The LSTM model achieved moderate performance but did not outperform TF-IDF + Logistic Regression.

##Transformer-Based Model

Transformer models use self-attention to understand contextual meaning in text.
They capture long-range dependencies better than traditional NLP models.

In this project, a pre-trained Transformer model was fine-tuned
for multi-class job title classification.

In [None]:
!pip install transformers datasets torch scikit-learn

In [None]:
import torch
from transformers import BertTokenizer, BertForSequenceClassification
from transformers import Trainer, TrainingArguments
from datasets import Dataset

In [None]:
X_train, X_test, y_train, y_test = train_test_split(
    df['Job Description'],
    df['Job Title_encoded'],
    test_size=0.3,
    random_state=42,
    stratify=df['Job Title_encoded']
)

In [None]:
train_df = pd.DataFrame({'text': X_train, 'label': y_train})
test_df = pd.DataFrame({'text': X_test, 'label': y_test})

train_dataset = Dataset.from_pandas(train_df)
test_dataset = Dataset.from_pandas(test_df)

In [None]:
tokenizer = BertTokenizer.from_pretrained('bert-base-uncased')

In [None]:
def tokenize_function(example):
    return tokenizer(
        example['text'],
        padding='max_length',
        truncation=True,
        max_length=128
    )

train_dataset = train_dataset.map(tokenize_function, batched=True)
test_dataset = test_dataset.map(tokenize_function, batched=True)
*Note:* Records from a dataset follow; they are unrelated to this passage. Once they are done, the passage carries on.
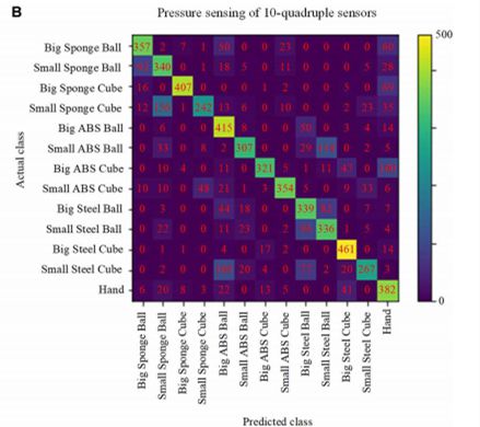 常规的触摸识别技术往往只是利用压力感知,而该传感器可将压力感知与热物性等多模信息进行融合,从而大幅提高物品识别准确率,比如可将基于单模压力感知的 69% 识别率,提高到基于多模触觉感知的 96% 识别率。
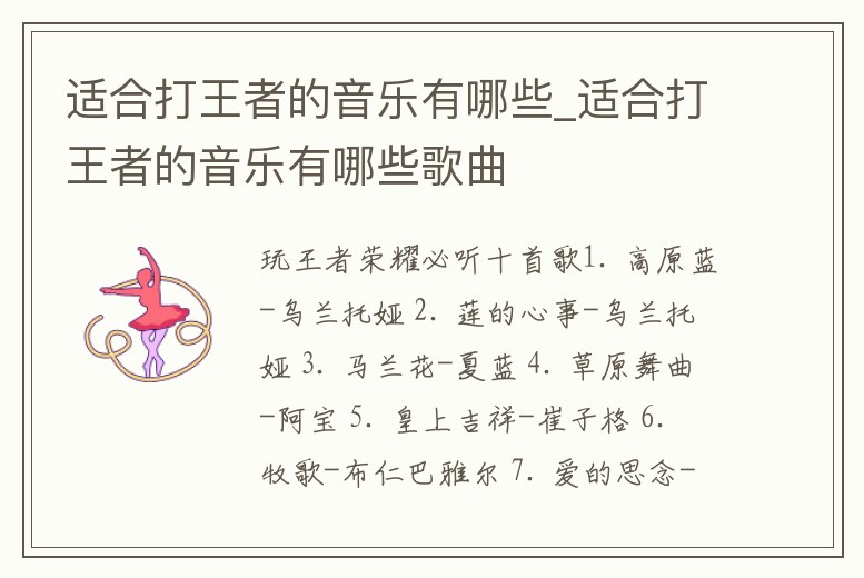 適合打王者的音樂有哪些_適合打王者的音樂有哪些歌曲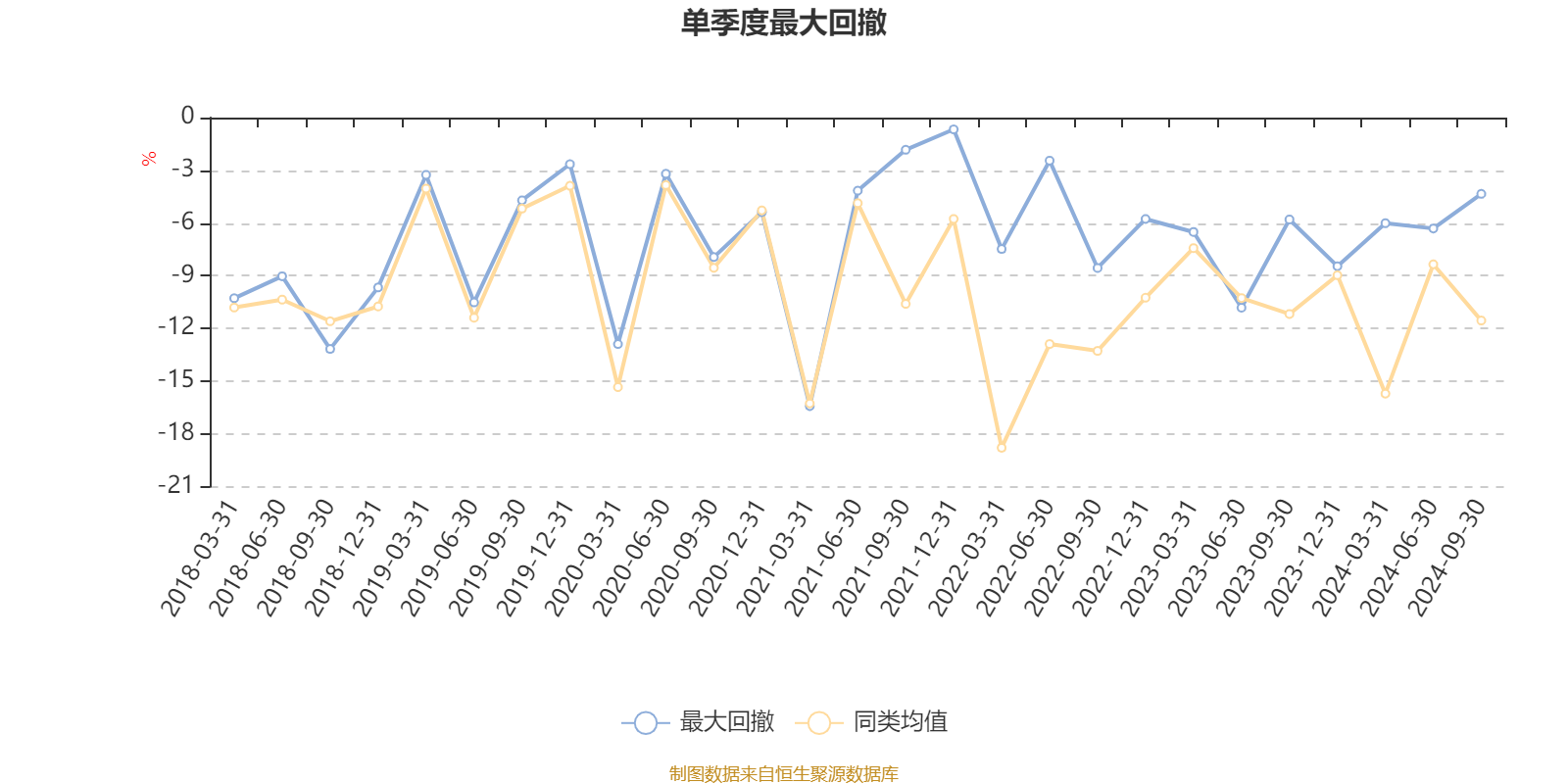 截至11月1日,基金近三年最大回撤为23.52%,同类可比基金排名859/904。其中,单季度最大回撤出现在2021年一季度,为16.42%。

train_dataset.set_format(type='torch', columns=['input_ids', 'attention_mask', 'label'])
test_dataset.set_format(type='torch', columns=['input_ids', 'attention_mask', 'label'])

In [None]:
model = BertForSequenceClassification.from_pretrained(
    'bert-base-uncased',
    num_labels=15
)

In [None]:
from sklearn.metrics import accuracy_score, precision_recall_fscore_support

def compute_metrics(eval_pred):
    logits, labels = eval_pred
    predictions = np.argmax(logits, axis=1)
    precision, recall, f1, _ = precision_recall_fscore_support(
        labels, predictions, average='weighted'
    )
    acc = accuracy_score(labels, predictions)
    return {
        'accuracy': acc,
        'f1': f1,
        'precision': precision,
        'recall': recall
    }

##BERT (bert-base-uncased)

BERT is a bidirectional Transformer model pre-trained on large corpora.
It understands context from both left and right directions.

Configuration:
- Model: bert-base-uncased
- Max Length: 128
- Epochs: 2
- Batch Size: 8
- Learning Rate: 2e-5

In [None]:
training_args = TrainingArguments(
    output_dir='./results',
    eval_strategy='epoch',
    learning_rate=2e-5,
    per_device_train_batch_size=8,
    per_device_eval_batch_size=8,
    num_train_epochs=2,
    weight_decay=0.01,
    logging_dir='./logs',
    load_best_model_at_end=True,
    save_strategy='epoch'
)

In [None]:
trainer = Trainer(
    model=model,
    args=training_args,
    train_dataset=train_dataset,
    eval_dataset=test_dataset,
    compute_metrics=compute_metrics,
)

In [None]:
trainer.train()

In [None]:
predictions = trainer.predict(test_dataset)
y_pred = np.argmax(predictions.predictions, axis=1)

print("Accuracy:", accuracy_score(y_test, y_pred))

##Results

The fine-tuned BERT model achieved:

- Accuracy: ~79%
- Weighted F1-score: ~0.79


##Final Conclusion

This project compared multiple NLP approaches for multi-class job title prediction, including TF-IDF, Word2Vec, LSTM, and BERT.

Among all models, **TF-IDF + Logistic Regression achieved the highest accuracy (~83%)**, indicating that the dataset is strongly driven by keyword-level patterns.

While advanced models like LSTM and BERT provided contextual understanding, classical linear modeling generalized better due to the dataset size and problem structure.

This demonstrates that effective model selection depends on data characteristics, and higher model complexity does not always guarantee better performance.